The result should be the lines from the one holding "- Enter the" to the end of the records below, repeated exactly. No pictures.

-------------------------

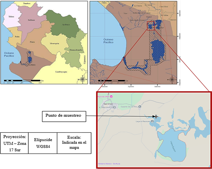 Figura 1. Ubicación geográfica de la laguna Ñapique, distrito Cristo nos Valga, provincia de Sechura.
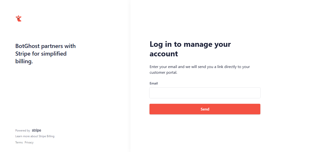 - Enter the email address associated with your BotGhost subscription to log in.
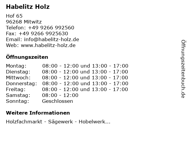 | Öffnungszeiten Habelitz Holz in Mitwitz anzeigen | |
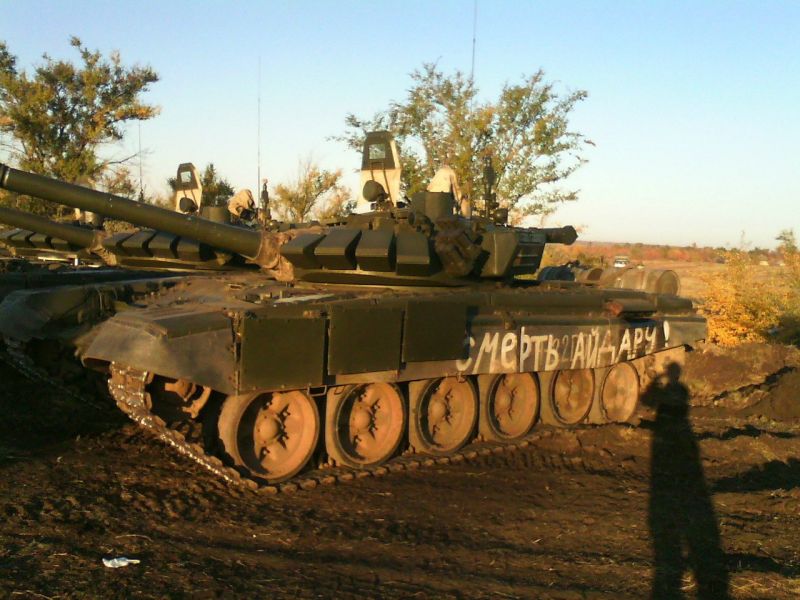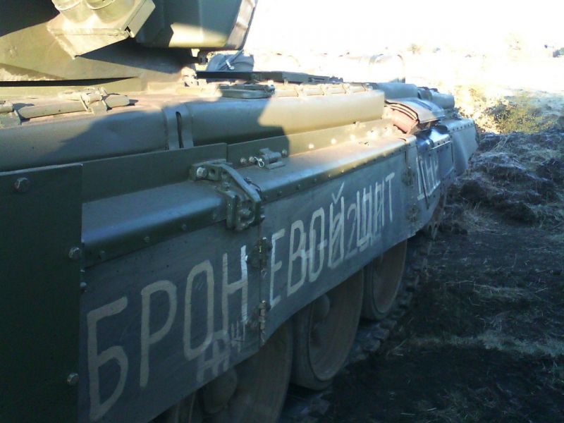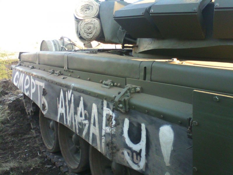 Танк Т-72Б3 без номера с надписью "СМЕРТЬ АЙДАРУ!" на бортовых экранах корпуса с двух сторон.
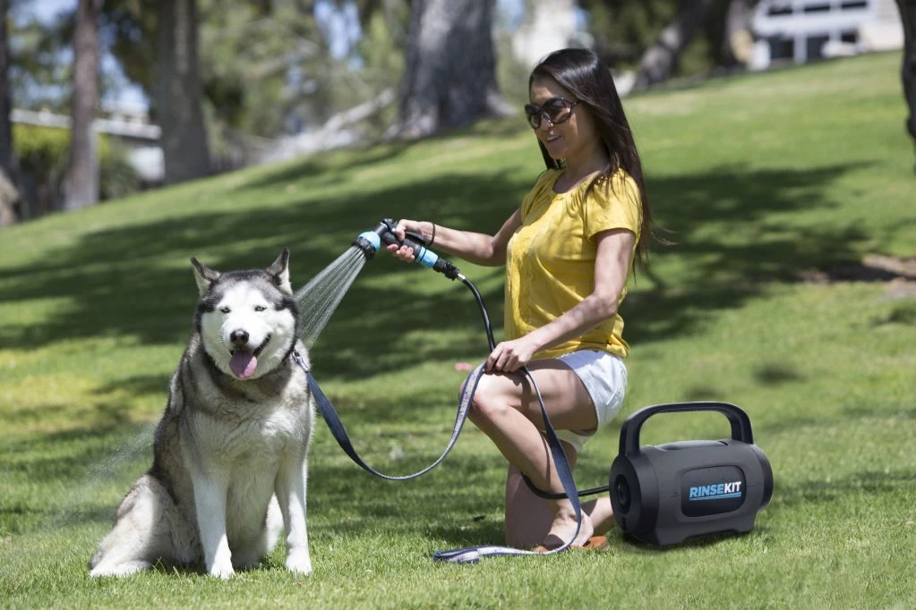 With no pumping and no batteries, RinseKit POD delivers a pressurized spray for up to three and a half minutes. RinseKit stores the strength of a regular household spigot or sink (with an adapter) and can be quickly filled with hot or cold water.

-------------------------

[Answer to the exercise]:
 - Enter the email address associated with your BotGhost subscription to log in.
 | Öffnungszeiten Habelitz Holz in Mitwitz anzeigen | |
 Танк Т-72Б3 без номера с надписью "СМЕРТЬ АЙДАРУ!" на бортовых экранах корпуса с двух сторон.
 With no pumping and no batteries, RinseKit POD delivers a pressurized spray for up to three and a half minutes. RinseKit stores the strength of a regular household spigot or sink (with an adapter) and can be quickly filled with hot or cold water.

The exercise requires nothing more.